Tuesday, December 23, 2008

BPN 1289 Lunching with an ambitious new marketeer

Yesterday I had lunch with Erwin van Lun. It was the last business obligation of this year and a very pleasant one. Erwin is a consultant on strategic brands; he has written a book about brands in a changing media context and he is a speaker. Erwin (1968) studied artificial intelligence at Delft Technical University and worked for more than 10 years in the ICT company LogicaCMG, first as consultant and later as e-communications manager. After this job he became strategic planner at Ogilvy in Amsterdam. In 2006 he was conferred the degree Master of Brand Management by the Erasmus University in Rotterdam.

We have met only one time, but we have had e-mail contacts several times. Now we were lunching in a retaurant in the historic Olympic Stadium in Amsterdam; the stadium was built for the Olympic Games of 1928 (see photograph). Erwin is active in brand management in The Netherlands, but he will also become active in Australia at the beginning of next year. My Australian WSA friend Louise has helped him in researching the Australian interactive marketing situation.

In his book he presents a vision on brands of 2015 and later. He presupposes a stable society without terrorists’ attack, climate disasters or human epidemics (he does not mention an economic crisis). He limits the scope of the book to the Dutch marketing, media, brand, design and communication world and the Dutch consumers. In the preface he notes that the book will be the first Dutch book with Dutch examples and not with the classic cases of Virgin, Starbucks and The Body Shop.

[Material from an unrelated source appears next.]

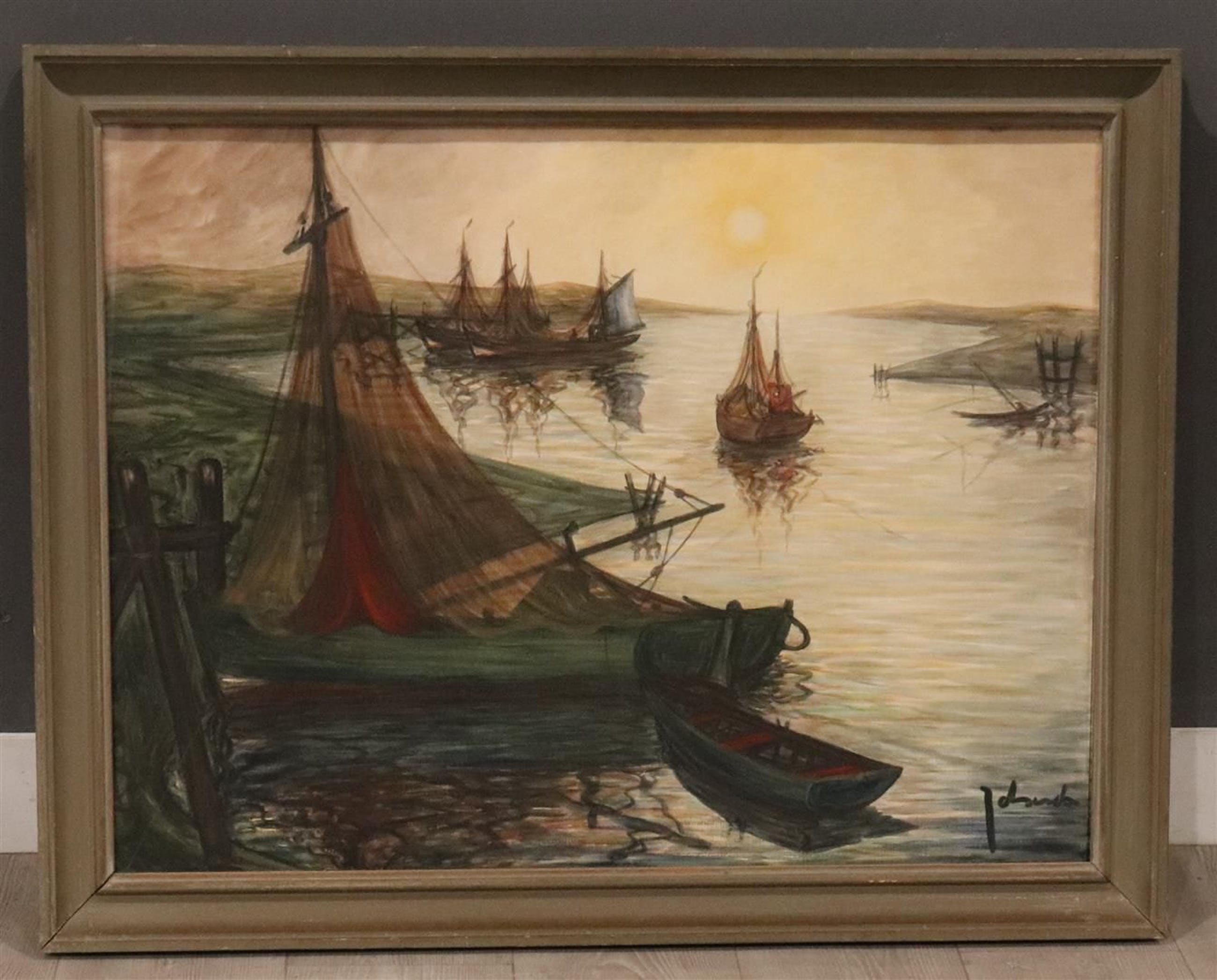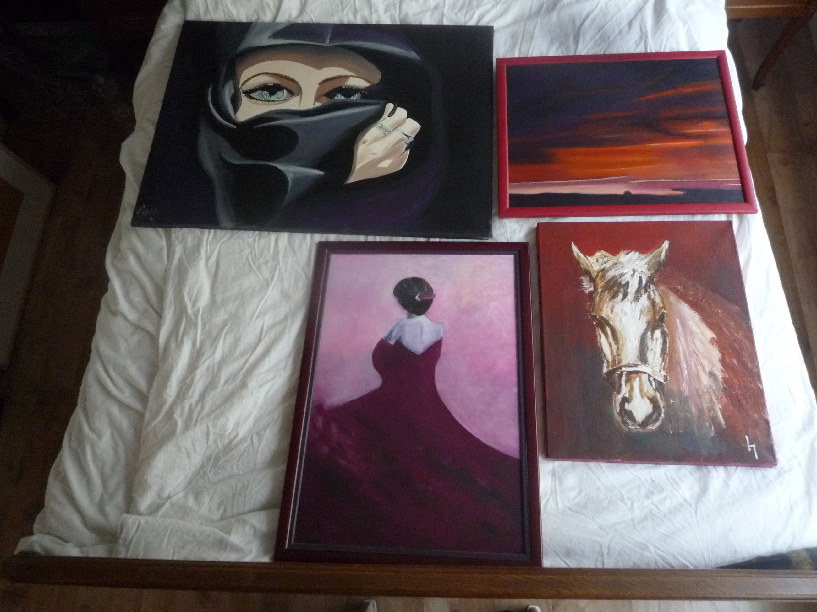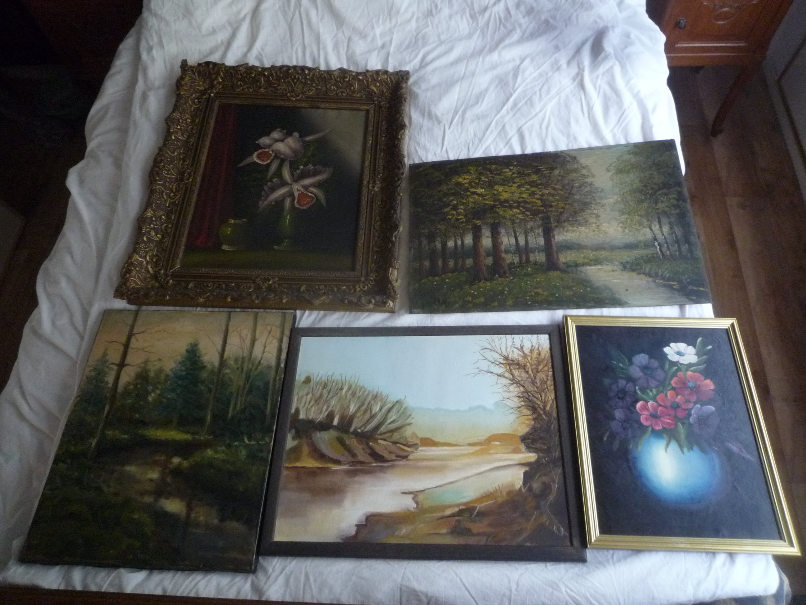 1 grote ingelijste aquarel van Theo Idserda en nog 9 werken van diverse voor mij niet te achterhalen kunstenaars. De helft gesigneerd (zie foto's)

In the mass communication era brands were needed. The personal bond between the manufacturer and consumer changed due to the remote manufacturing. Mass communication technology through television and radio had a lot of advantages and some teething problems. It was all one way traffic and there was a limited time window in which the message could be delivered to the consumer. Brands consisted of simple, repeating messages. In this media context brands remained almost to simple.

But the media context is now coming of age. The flaws of mass communication disappear. In the future technology brand will not only send out a message, but the senders will have to listen and understand the signs of the time and recipients. Brands should built relationships, should be able to really help (not just pretend) and act like friends should do. Consumers love to communicate with intelligent brands and will make space for them. Brands will grow up beyond puberty and mature.

In the train on the way back I was so engrossed in the book that I missed my stop!